A ideologia que apologiza o “politicamente incorreto”, a popularidade do conceito de “pieguice”, tudo que transforma sentimentos como comiseração ou respeito à dor alheia em uma espécie de crime de personalidade parece embasar a insensibilidade e a convivência cada vez mais harmoniosa que estamos estabelecendo com a barbárie.

Aceitando ou relativizando esse horror que já se integrou ao cotidiano, conformando-nos em seguir em frente após saber que um pai matou a pancadas o próprio filho por ver em sua recusa a cortar o cabelo sinônimo de homossexualidade, coonestamos o caos.

Dizerem que tal horror “existe em toda parte” ou que “sempre existiu” é o que apavora. É o endosso a que não paremos tudo até encontrar meios de mudar tal situação.

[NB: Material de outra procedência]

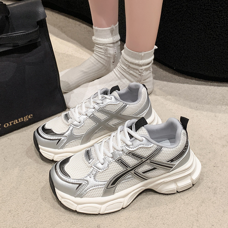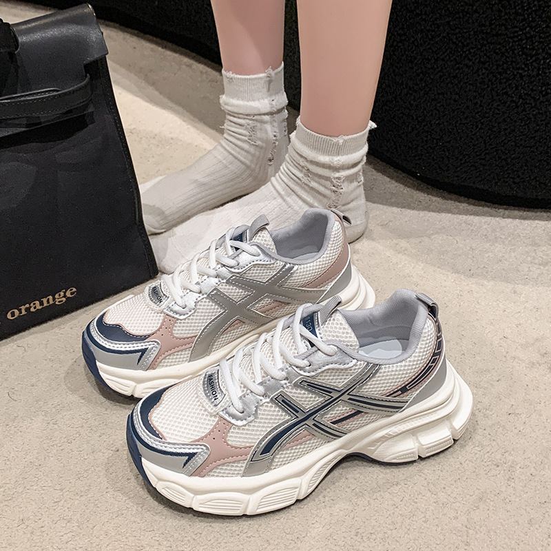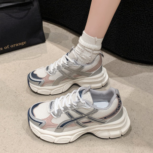 春秋季 女2025新款 透气网面学生跑步炸街轻便休 厚底老爹鞋 品牌断码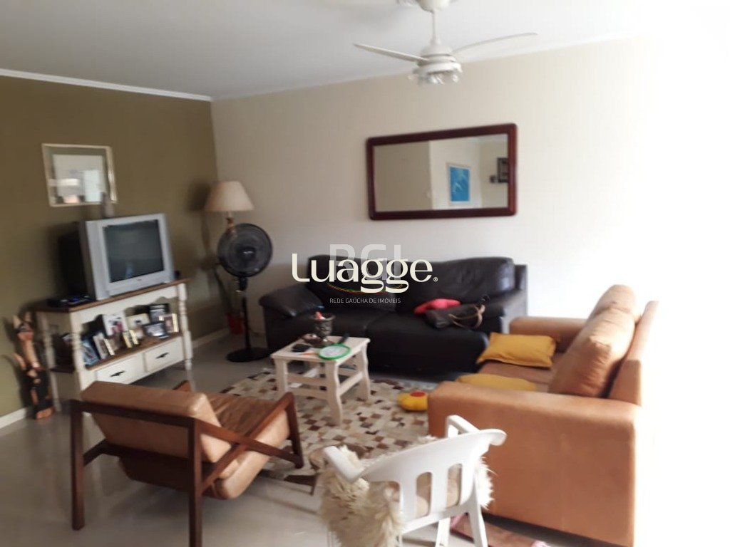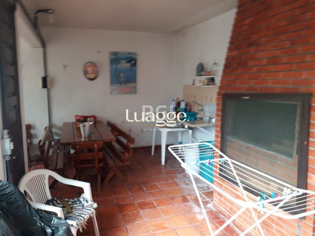 Ótima casa com 3 dormitórios sendo uma suíte, living 2 ambientes, banho social e lavabo, com churrasqueira, lareira, praça e dependência de empregada, tudo em porcelanato. Ao fundo tem construção dois pisos sendo em baixo salão de festa com churrasqueira e dependência, e acima, outra peça grande. Vaga para 3 carros.

Dirão, também, que o homem que matou o filho de oito anos é vítima da ignorância. Nada mais falso. Quantos das classes mais abastadas – e, portanto, com acesso à educação – cometem o mesmo tipo de crime por “diversão”?

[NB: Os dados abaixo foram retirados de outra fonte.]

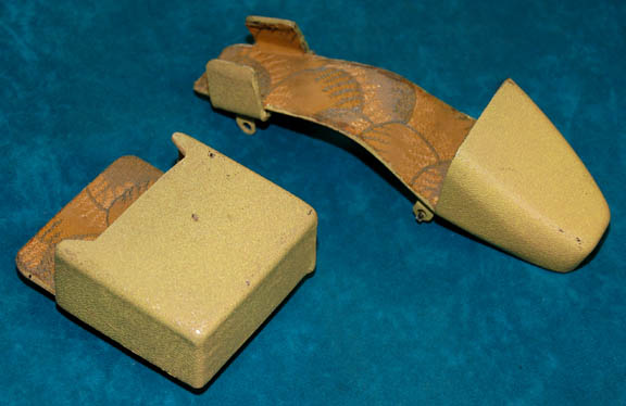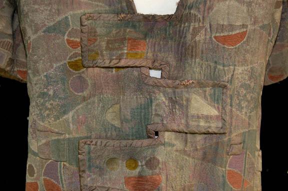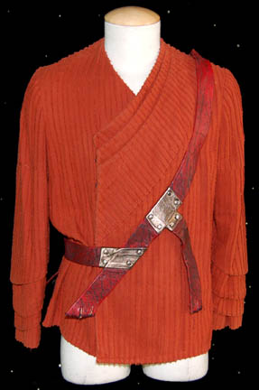 Description: A lot of items featured variously throughout Star Trek: Voyager episodic television. This lot is for wear by Ethan Phillips in the role of “Neelix” and consists of a long-sleeved, rust-colored, chenille shirt featuring textured stripes down the front and back, a pleated flap across the front that covers the buttons, several layered, false cuffs, a long-sleeved, raised, paisley-print shirt in a further rust motif with buttons down the front. Multi-colored vertically striped trousers with a fish scale design, a short-sleeved, beige jacket featuring an abstract pattern of shapes in different sizes and colors as was a running motif with garments for the character; flaps that connect across the stomach, a Velcro patch for a commbadge (not included), and is distressed for effect. Also included is a red harness featuring gold-colored accents with metal-colored rivets, a yellow painted tricorder and phaser holster that clip to a belt, and dark-pink leather boots. Several sewn in tags read ‘Voyager, Ethan Phillips' whereas the trousers denote reuse by a “George Colucci”, a known Trek stunt man.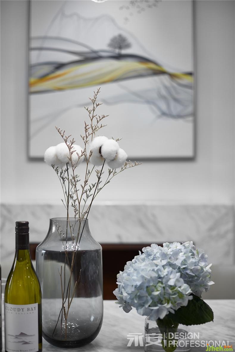 穿過(guò)玄關(guān)進(jìn)入一個(gè)干凈利落的空間,定制的深色多功能金屬架與整個(gè)氛圍相輔相成,賦予空間獨(dú)特的魅力??筒蛷d一覽無(wú)余,客餐廳合二為一,復(fù)古雕花、石膏角線(xiàn),古典與現(xiàn)代的巧妙碰撞,藝術(shù)和抽象的軟裝造型為空間帶來(lái)極具張力的感覺(jué),現(xiàn)代時(shí)尚風(fēng)格與細(xì)膩的藝術(shù)氣息的植入,使空間特質(zhì)既滿(mǎn)足了現(xiàn)代創(chuàng)新的審美訴求,又有古典的優(yōu)雅,散發(fā)陣陣詩(shī)意和濃郁的現(xiàn)代人文氣息,于形與意、態(tài)與勢(shì)之間展露出沉穩(wěn)的貴族風(fēng)范。藝術(shù)漆鋪就墻面,形成空間流暢連續(xù)的過(guò)渡。色彩鮮明的藝術(shù)畫(huà)帶來(lái)精神世界的營(yíng)養(yǎng)供給,沙發(fā)線(xiàn)條利落,塑造大氣沉穩(wěn)風(fēng)范。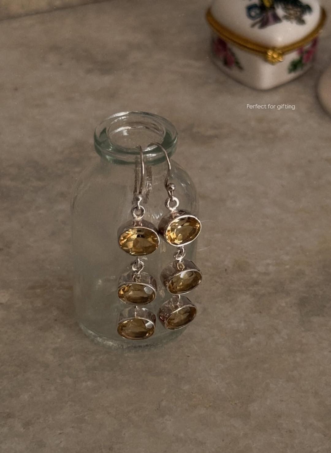 Citrine 3 Oval Statement 925 Sterling Silver Earrings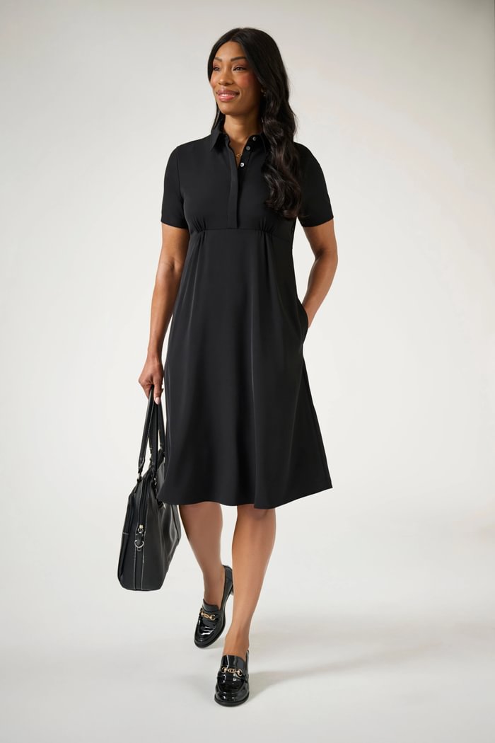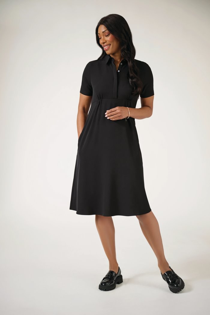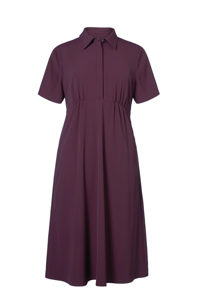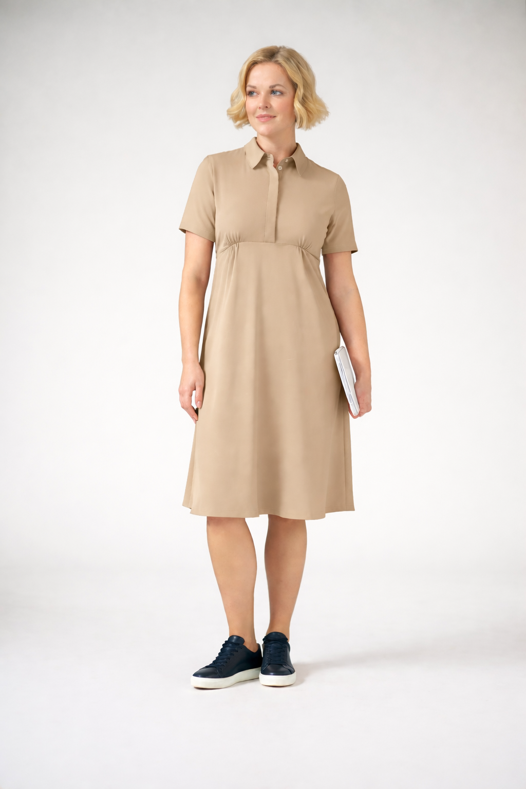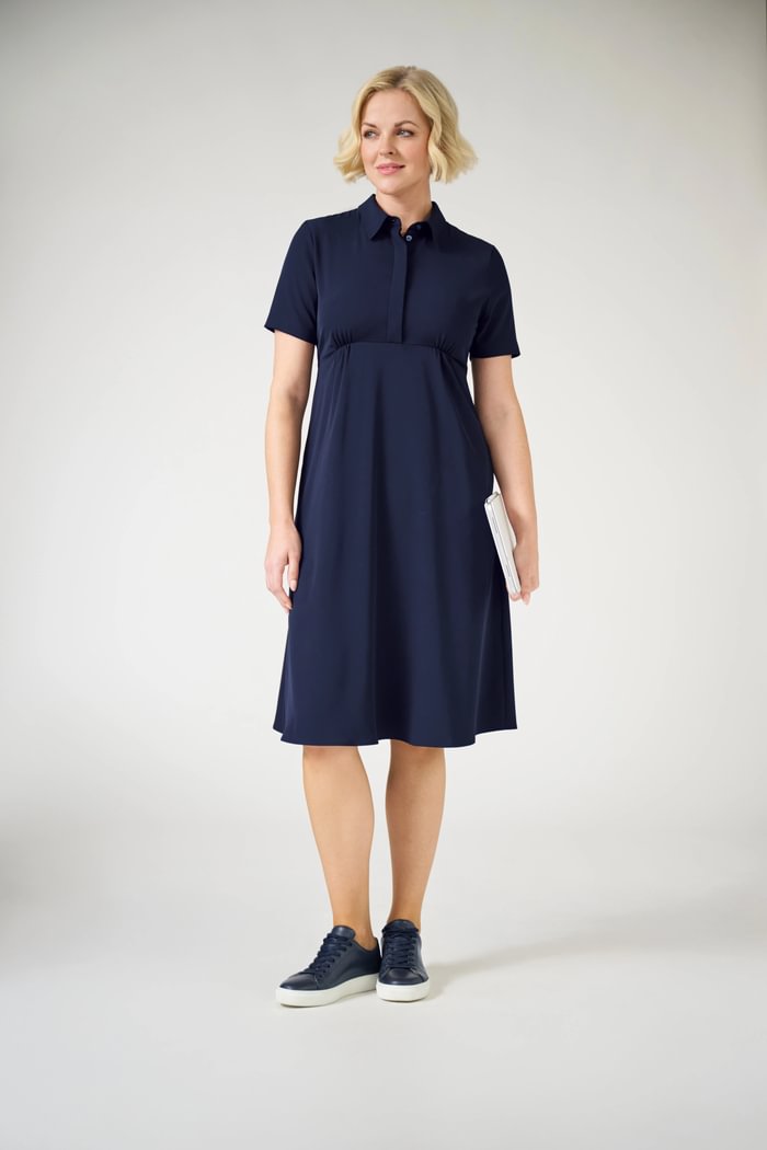 Tyylikäs lyhythihainen paitamekko yhdistää mukavuuden ja modernin siluetin. Mekossa on klassinen kaulus ja kevyesti kellomainen leikkaus. Korotettu vyötärölinja saa mekon laskeutumaan rennosti ja imartelevasti. Käytännölliset sivutaskut edessä lisäävät käyttömukavuutta, ja huomaamaton sivuvetoketju helpottaa mekon pukemista.

E o pior é que nem sempre são jovens, com a “justificativa” da imaturidade – sem esquecer que nunca chegará a maturidade alguma aquele que age como besta-fera na adolescência.

Nas quase 24 horas que antecederam a composição deste texto, analista e ativista político que sou não consegui me ater a mais nada. A notícia sobre o pai que massacrou o filho porque não quis cortar o cabelo se abateu sobre minh’alma no meio da tarde do dia anterior e ainda não foi assimilada.

Aliás, torço para que nunca assimile horrores como esse.

Recusar-me a retomar tão facilmente a vida após tomar ciência de tal horror, ainda que não seja uma decisão, mas uma consequência do estado de minha psique, talvez seja a forma que encontrei para não sentir que também estou aceitando esse processo macabro.

Com efeito, o que assusta não é a existência da selvageria de homens ou grupos de homens, mas sua aceitação generalizada, a convivência pacífica com o terror, o conformismo com atos desumanos. Essa é a novidade macabra que suscita uma questão ainda mais perturbadora: quando – e por que – perdemos a humanidade?